Late submissions will be penalized by a 1 point deduction every hour past the deadline.

Please read the course policy on academic integrity and collaboration on the course syllabus. If you have any questions about what is permissible, please ask before submitting your work.

Introduction

This lab explores two key aspects of audio perception and its application in interface design: basic audiometry and earcon recognition. These experiments will help us understand human hearing capabilities and how auditory cues can be effectively used in user interfaces.

Objectives

1. To generate a basic audiogram and understand the relationship between frequency and hearing thresholds.
2. To investigate how well participants can learn and recall associations between earcons (non-speech audio cues) and their meanings in a user interface context.

Safety Considerations

• Ensure audio levels are comfortable and safe for extended listening.
• CAUTION: higher volume levels can cause hearing damage. Keep the volume at a comfortable level. Higher volume levels even for inaudible frequencies can cause damage to the ear or the headphones. To be safe, note the volume level that allows you to listen to a 1,000 Hz tone without discomfort and do not stray too far above this level, even if you can’t hear much.

Equipment

• Computer or smartphone with:
  • Pure tone generator (e.g. https://www.szynalski.com/tone-generator/)
  • NIOSH Sound Level Meter app (or AirPods with iPhone)
• Headphones
• A quiet room for testing
• Set of 10 distinct earcons (audio files) with list of 10 corresponding interface actions or notifications

Part 1: Pure tone audiogram generation

Procedure

1. Form pairs. One person will be the subject, and the other will be the tester.

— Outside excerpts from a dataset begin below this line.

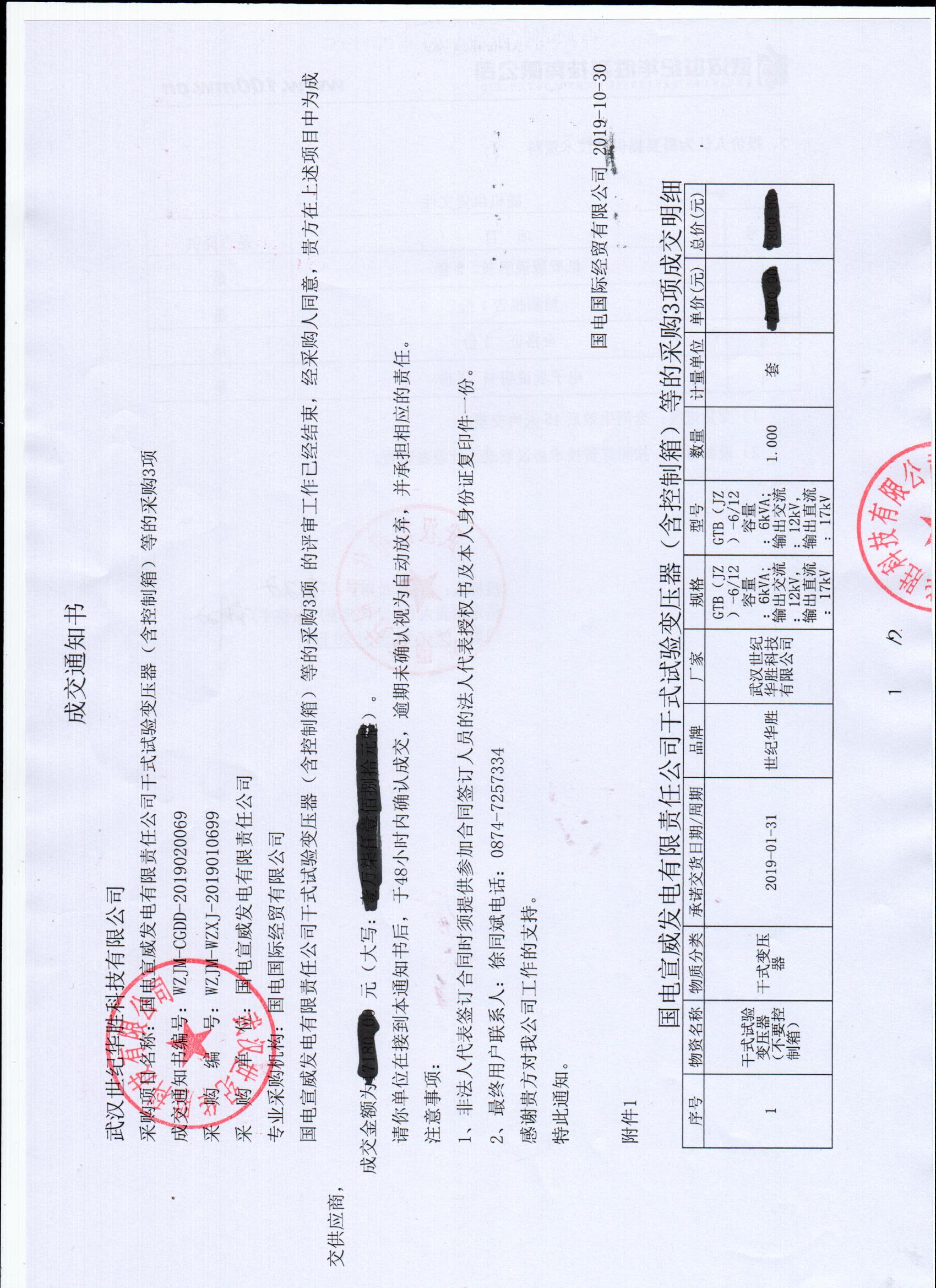 國(guó)電宣威發(fā)電有限責(zé)任公司干式試驗(yàn)變壓器(含控制箱)等的采購(gòu)3項(xiàng)
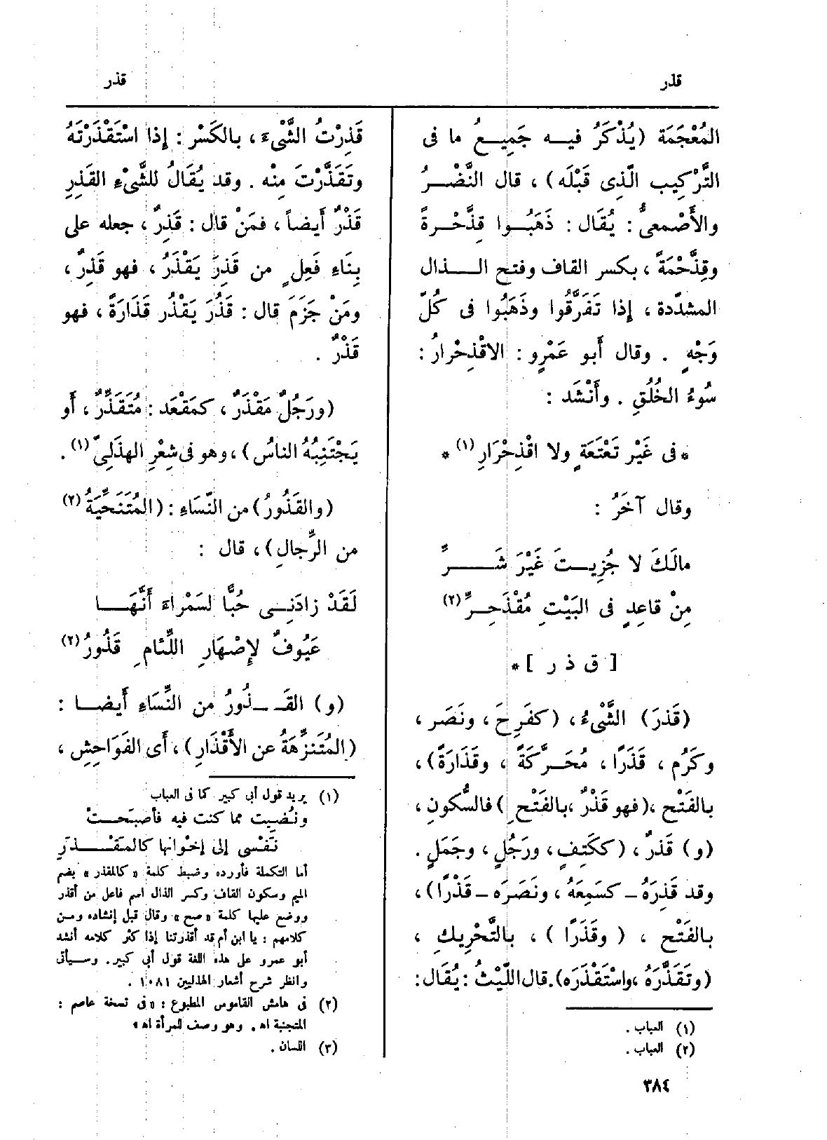 . قَذرَ الشَّيْءُ، كفَرِحَ، ونَصَر، وكَرُم، قَذَراً، مُحَرَّكَةً، وقَذَارَةً، بالفَتْح، فَهُوَ قَذْرٌ، بالفَتْحِ فالسُّكونِ، وقَذْرٌ، ككَتِفٍ، ورَجُلٍ، وجَمَلٍ. وَقد قَذِرَهُ كسَمِعَهُ، ونَصَرَه قَذْراً، بالفَتْح، وقَذَراً، بالتَّحْرِيكِ، وتَقَذَّرَهُ، واسْتَقْذَرَه. قَالَ اللّيْثُ: يُقَال: قَذِرْتُ الشَّيْءَ، بالكَسْر: إِذا اسْتَقْذَرْتَهُ وتَقَذَّرْتَ مِنْه. وَقد يُقَالُ للشَّيْءِ القَذِرِ قَذْرٌ أَيضاً، فمَنْ قَالَ: قَذِرٌ، جعله على بِنَاءٍ فَعِلٍ من قَذِرَ يَقْذَرُ، فَهُوَ قَذِرٌ، ومَنْ جَزَمَ قَالَ: قَذُرَ يَقْذُر قَذَارَةً، فَهُوَ قَذْرٌ. ورَجُلٌ مَقْذَرٌ، كمَقْعَد: مُتَقَذِّرٌ، أَو يَجْتَنِبُهُ الناسُ، وَهُوَ فِي شِعْرِ الهذَلِيّ. والقَذُورُ من النّسَاءِ: المُتَنَحِّيَةُ من الرِّجالِ، قَالَ:
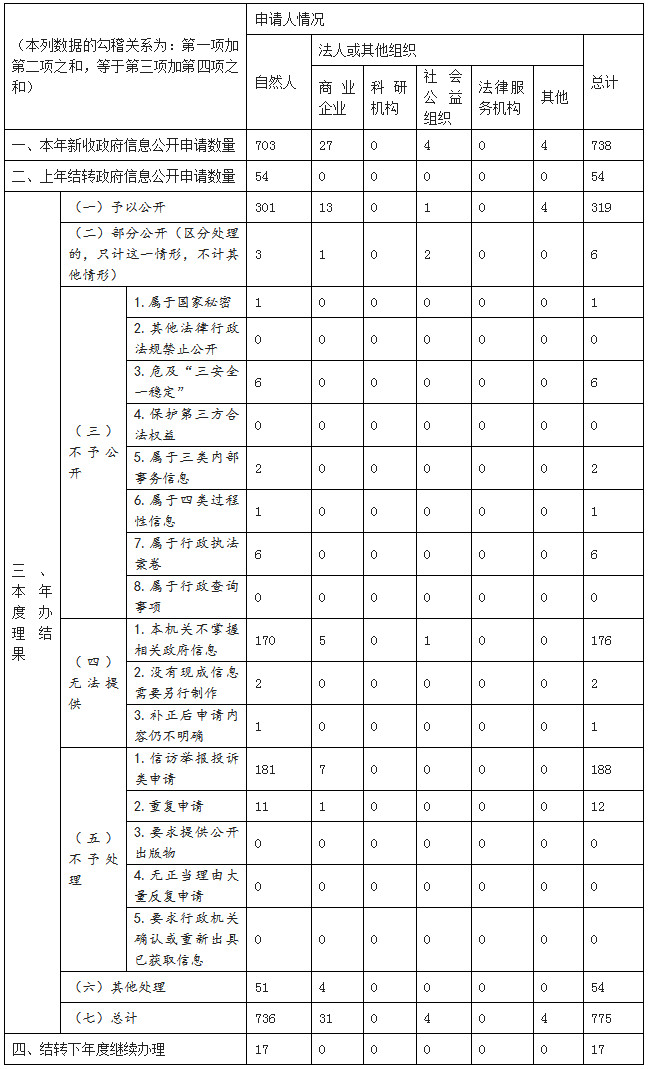 经查,2019年收到,结转至2020年作出答复的政府信息公开申请54件。2020年收到,结转至2021年作出答复的政府信息公开申请17件。综上,2020年度我委共办理政府信息公开答复775件。
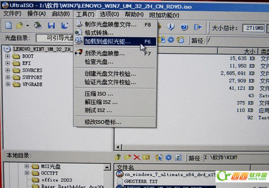 然后点“工具”,“加载到虚拟光驱”
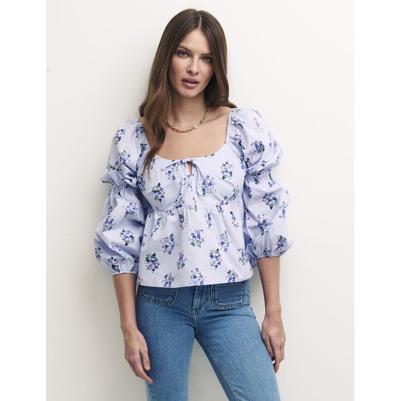 "Inspired by the milkmaid look, this cute top captures the spirit of a perfect summers day. The sleeves are long and double puffed. A scoop neck designed to follow your necklaces perfectly is finished with a pretty bow tie. We also love the waist-defining
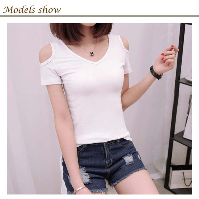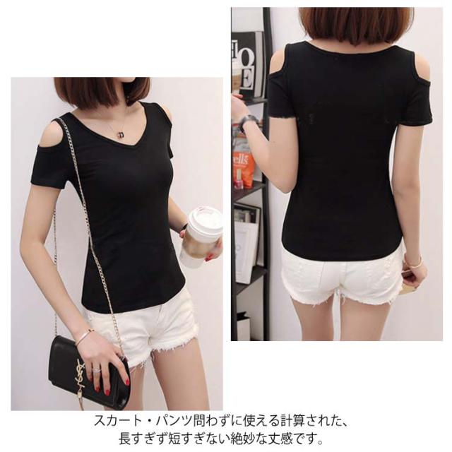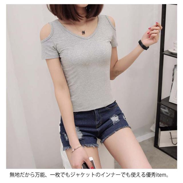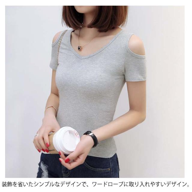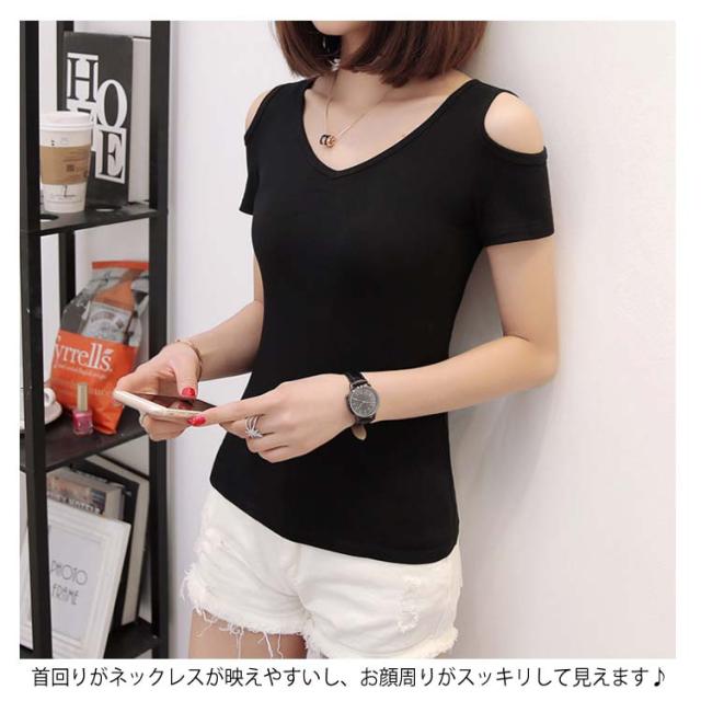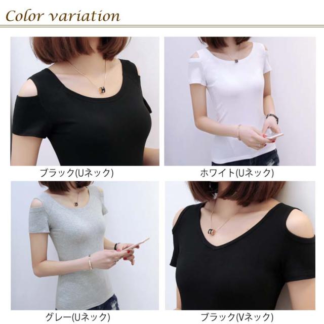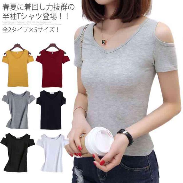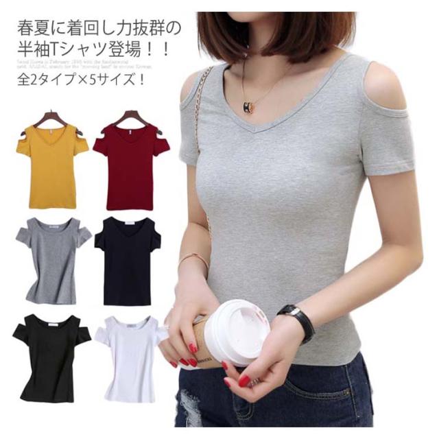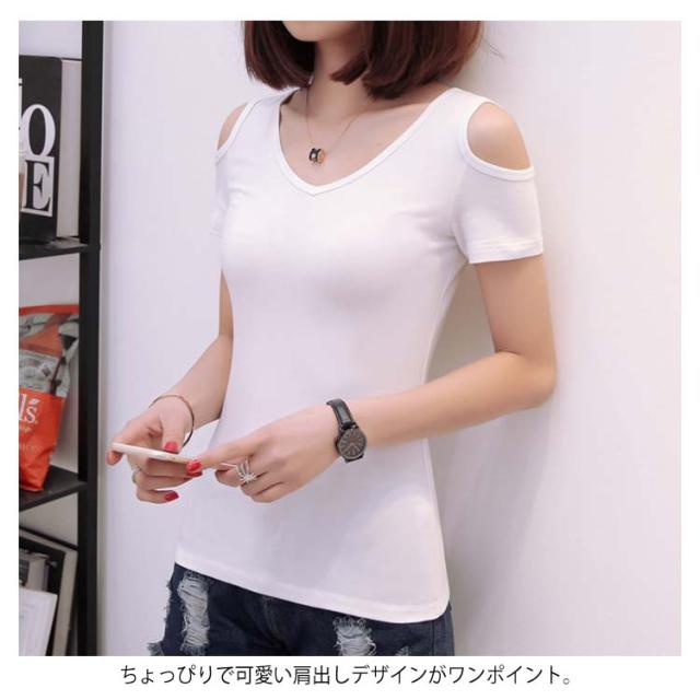 全2タイプ×5サイズ!肩出しTシャツ tシャツ レディース 肩出し Tシャツ カットソー 半袖 Vネック Uネック タイト トップス 無地 夏服 綿 おしゃれ 可愛い送料無料

2. Generate the audiogram:

   • The tester will play pure tones at the following frequencies: 250 Hz, 500 Hz, 1000 Hz, 1500 Hz, 2000 Hz, 3000 Hz, 4000 Hz, 6000 Hz, and 8000 Hz.
   • For each frequency:
     1. Start at a very low volume and gradually increase until the subject can just barely hear it.
     2. Record the sound level (decibel) using the NIOSH app (or use decibel values identified in the iphone).
   • Repeat the process for each ear separately.

3. Create your audiogram:

   • Plot the hearing thresholds (in dB) for each frequency on a graph.
   • Use different symbols or colors for left and right ears.

Results

Record your results here:

1. Audiogram data table:

2. Insert your audiogram graph here (X-axis: Frequency in Hz, Y-axis: Hearing Level in dB). Refer to https://soundhearing.org/2024/06/25/pure-tone-audiometry-explained/ for more details.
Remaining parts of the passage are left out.